Consider what happens when you first apply a voltage to the end of a long cable. The cable has some capacitance, so it will draw some current. If that were all there was to it, you get a big current spike, then nothing.

However, it also has some series inductance. You can approximate it with a little series inductance, followed by a little capacitance to ground, followed by another series inductance, etc. Each one of these inductors and capacitors models a little length of the cable. If you make that length smaller, the inductance and the capacitance goes down and there are more of them in the same length. However, the ratio of the inductance to the capacitance stays the same.

Now imagine your initial applied voltage propagating down the cable. Each step of the way, it charges up a little capacitance. But, this charging up is slowed down by the inductances. The net result is that the voltage you applied to the end of the cable propagates slower than the speed of light, and it charges the capacitance along the length of the cable in a way to require a constant current. If you had applied twice the voltage, the capacitors would get charged to twice that voltage, therefore would require twice the charge, which would take twice the current to supply. What you have is the current that the cable draws being proportional to the voltage you applied. Gee, that's what a resistor does.

Therefore, while the signal is propagating down the cable, the cable looks resistive to the source. This resistance is only a function of the parallel capacitance and series inductance of the cable, and has nothing to do with what it connected to the other end. This is the characteristic impedance of the cable.

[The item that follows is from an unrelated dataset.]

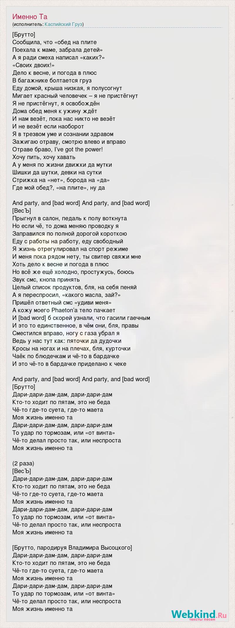 [Брутто] Сообщила, что «обед на плите Поехала к маме, забрала детей» А я ради смеха написал «каких?» «Своих двоих!» Дело к весне, и погода в плюс В багажнике болтается груз Еду домой, крыша низкая, я полусогнут Мигает красный человечек – я не пристёгнут Я не пристёгнут, я освобождён Дома обед меня к ужину ждёт И нам везёт, пока нас никто не везёт И не везёт если наоборот Я в трезвом уме и сознании здравом Зажигаю отраву, смотрю влево и вправо Отраве браво, I’ve got the power! Хочу пить, хочу хавать А у меня по жизни движки да мутки Шишки да шутки, девки на сутки Стрижка на «нет», борода на «да» Где мой обед?, «на плите», ну да And party, and [bad word] And party, and [bad word] [ВесЪ] Прыгнул в салон, педаль к полу воткнута Но если чё, то дома меняю проводку я Заправился по полной дорогой короткою Еду с работы на работу, еду свободный Я жизнь отрегулировал на спорт режиме И меня пока рядом нету, ты свитер свяжи мне Хоть дело к весне и погода в плюс Но всё же ещё холодно, простужусь, боюсь Звук смс, кнопа принять Целый список продуктов, бля, на себя пеняй А я переспросил, «какого масла, зай?» Пришёл ответный смс «удиви меня» А кожу моего Phaeton’а тело пачкает И [bad word] б скорей узнали, что гасили гаечным И это то единственное, в чём они, бля, правы Сместился вправо, ногу с газа убрал я Ведь у нас тут как: пяточки да дудочки Кросы на ногах и на плечах, бля, курточки Чаёк по блюдечкам и чё-то в бардачке И это чё-то в бардачке приделано к чеке And party, and [bad word] And party, and [bad word] [Брутто] Дари-дари-дам-дам, дари-дари-дам Кто-то ходит по пятам, это не беда Чё-то где-то суета, где-то маета Моя жизнь именно та Дари-дари-дам-дам, дари-дари-дам То удар по тормозам, или «от винта» Чё-то делал просто так, или неспроста Моя жизнь именно та (2 раза) [ВесЪ] Дари-дари-дам-дам, дари-дари-дам Кто-то ходит по пятам, это не беда Чё-то где-то суета, где-то маета Моя жизнь именно та Дари-дари-дам-дам, дари-дари-дам То удар по тормозам, или «от винта» Чё-то делал просто так, или неспроста Моя жизнь именно та [Брутто, пародируя Владимира Высоцкого] Дари-дари-дам-дам, дари-дари-дам Кто-то ходит по пятам, это не беда Чё-то где-то суета, где-то маета Моя жизнь именно та Дари-дари-дам-дам, дари-дари-дам То удар по тормозам, или «от винта» Чё-то делал просто так, или неспроста Моя жизнь именно та

If you have a coil of cable on your bench that is short enough so that you can ignore the DC resistance of the conductors, then this all works as described until the signal propagates to the end of the cable and back. Until then, it looks like a infinite cable to whatever is driving it. In fact, it looks like a resistor at the characteristic impedance. If the cable is short enough and you short the end, for example, then eventually your signal source will see the short. But, at least for the time it takes the signal to propagate to the end of the cable and back, it will look like the characteristic impedance.

Now imagine that I put a resistor of the characteristic impedance accross the other end of the cable. Now the input end of the cable will look like a resistor forever. This is called terminating the cable, and has the nice property of making the impedance be consistant over time and preventing the signal from reflecting when it gets to the end of the cable. After all, to the end of the cable another length of cable would look the same as a resistor at the characteristic impedance.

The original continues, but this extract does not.